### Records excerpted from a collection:

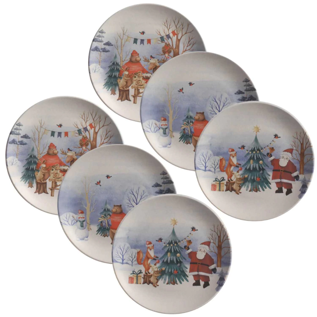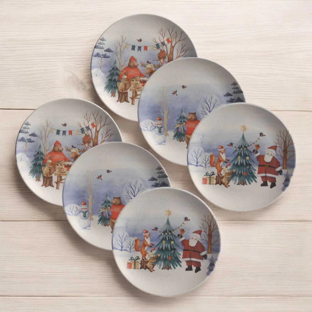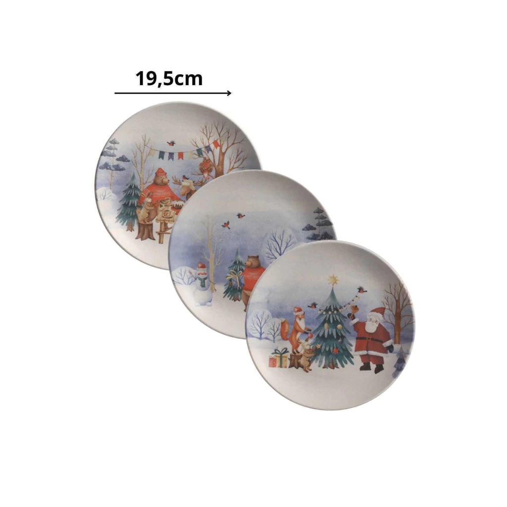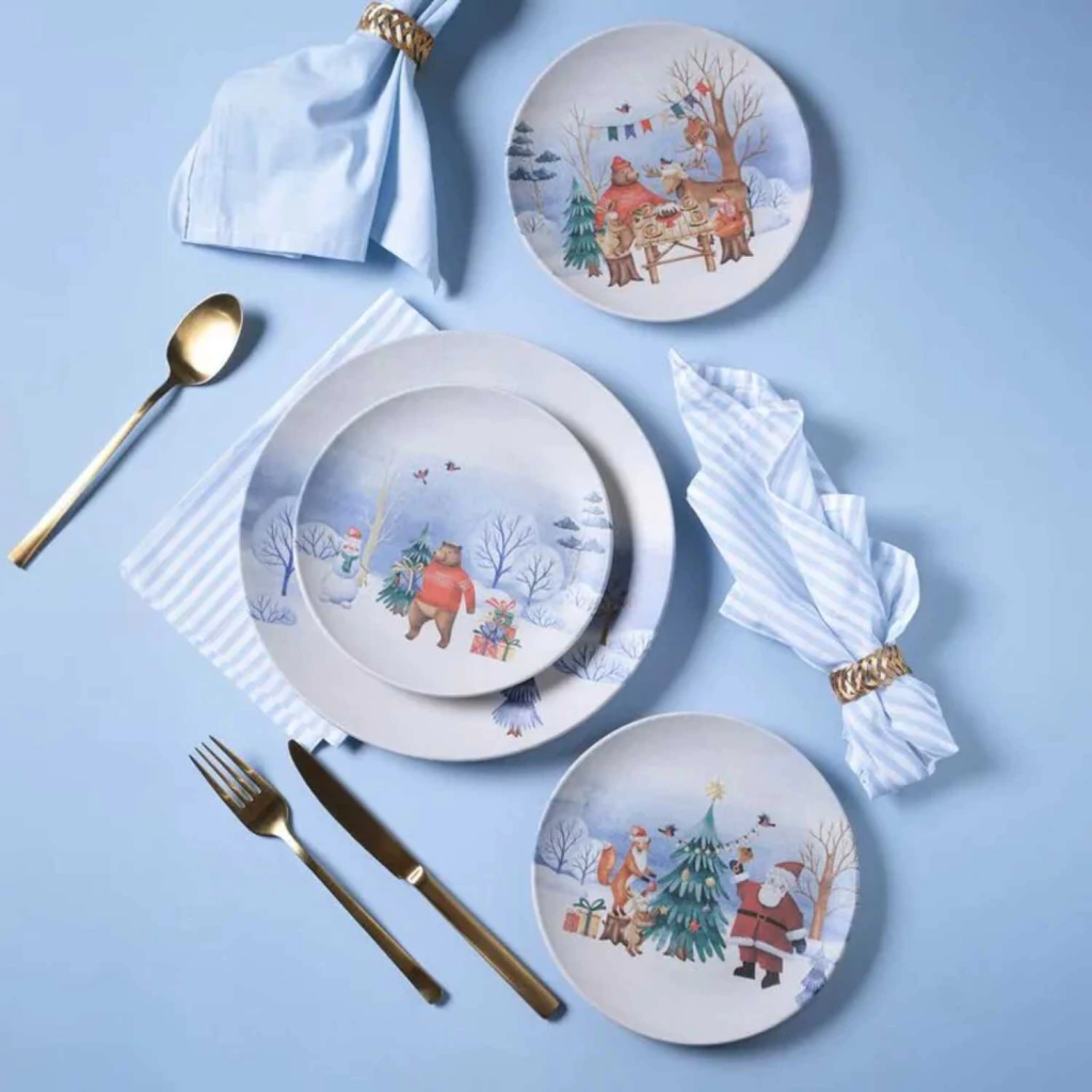 O prato traz um adorável urso como protagonista, em um cenário natalino repleto de festividade e magia. O design inclui detalhes como decorações festivas e elementos de inverno que tornam o prato ainda mais encantador.
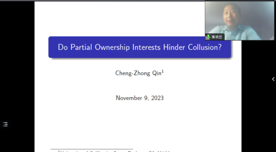 2023年11月10日,加州大学圣芭芭拉分校经济系秦承忠教授应365best体育亚洲官网邀请,利用腾讯会议开展了主题为“Do Partial Ownership Interests Hinder Collusion?”的讲座,秦承忠老师受到了老师和同学们的热烈欢迎!365best体育亚洲官网尹振东老师主持了讲座,龚雅娴老师参加了讲座。
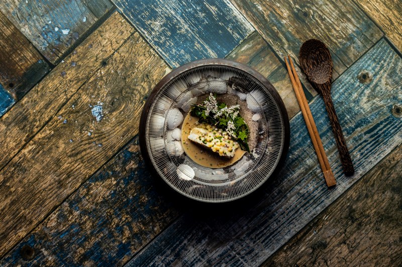 Nam med køkkenchef Kid Khamhomkul og assistent Emil Vestergaard Teijls havde stegt rødspætten til perfektion, tvistet den i deres sædvanlige asiatiske retning og anrettet med blandt andet lokalt avlede krydderurter, som efter pensling med fishsauce og citrus også havde været en tur på grillen.
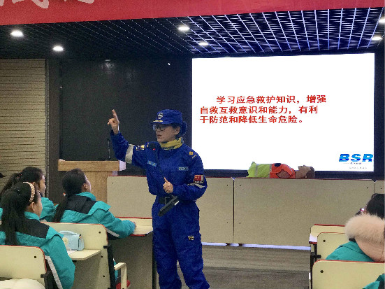 生命是顽强的,有时也是脆弱的,生命中的危险意外和突发事件随时可见。 为了让我们应该学习应急救护知识,增强自救,互救意识和能力,有利于防范和降低生命危险,12月14日下午,蓝天救援中心相关成员为我校七年级志愿者们在校会议室开展了一次急救知识培训活动。 这次的知识讲座让我们了解一定的急救知识和急救方法,更让我们明白了遇到危险时应准备的物品和自救方法,让我们受益匪浅。 这次讲座中,无论是气道异物梗阻的施救方法,还是心肺复苏的救治时长,我们都有了更深层次的了解。 此次讲座中,蓝天救援的医护人员时不时和同学们互动,活跃气氛,也让一些毛遂自荐同学主动上去尝试急救。 此次讲座,不仅让每一位同学更加珍视生命,更是为公益和教育事业多尽一份力。 ——七(8)班李静
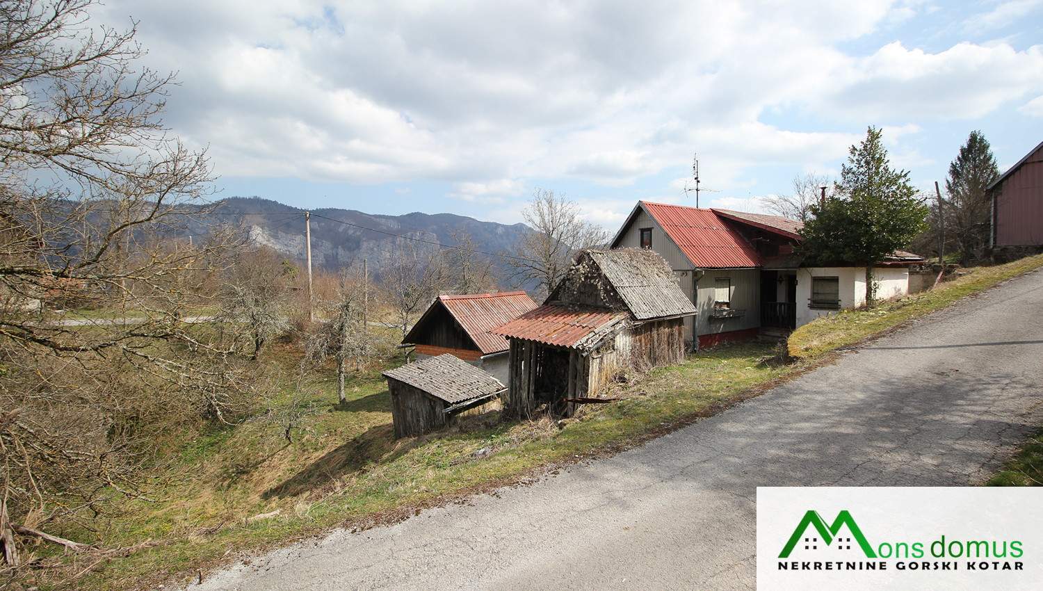 Iznad Kupske doline, na 670 metara nadmorske visine, nalazi se stara goranska kuća tlocrtne površine 62 m2, garaža zidana od betonskih blokova površine 23 m2 te drvena gospodarska zgrada površine 12 m2.
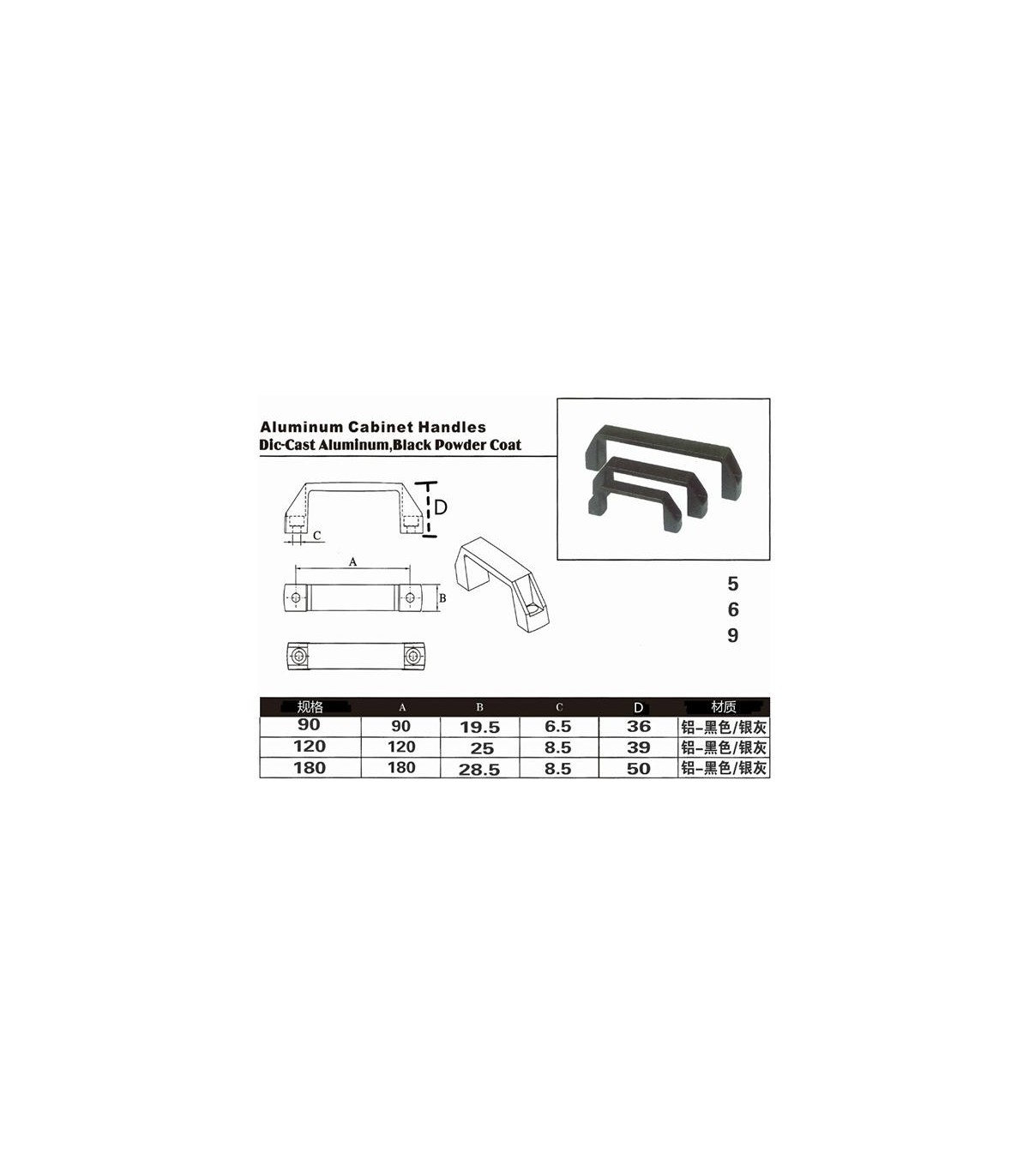 Пластиковая ручка под профиль черная 120мм.

### What needs to be done:
Repeat exactly the lines from the start of the entries down to the line with "Nam med køkkenchef", keeping both ends but none of the pictures.

### Answer to the exercise:
 O prato traz um adorável urso como protagonista, em um cenário natalino repleto de festividade e magia. O design inclui detalhes como decorações festivas e elementos de inverno que tornam o prato ainda mais encantador.
 2023年11月10日,加州大学圣芭芭拉分校经济系秦承忠教授应365best体育亚洲官网邀请,利用腾讯会议开展了主题为“Do Partial Ownership Interests Hinder Collusion?”的讲座,秦承忠老师受到了老师和同学们的热烈欢迎!365best体育亚洲官网尹振东老师主持了讲座,龚雅娴老师参加了讲座。
 Nam med køkkenchef Kid Khamhomkul og assistent Emil Vestergaard Teijls havde stegt rødspætten til perfektion, tvistet den i deres sædvanlige asiatiske retning og anrettet med blandt andet lokalt avlede krydderurter, som efter pensling med fishsauce og citrus også havde været en tur på grillen.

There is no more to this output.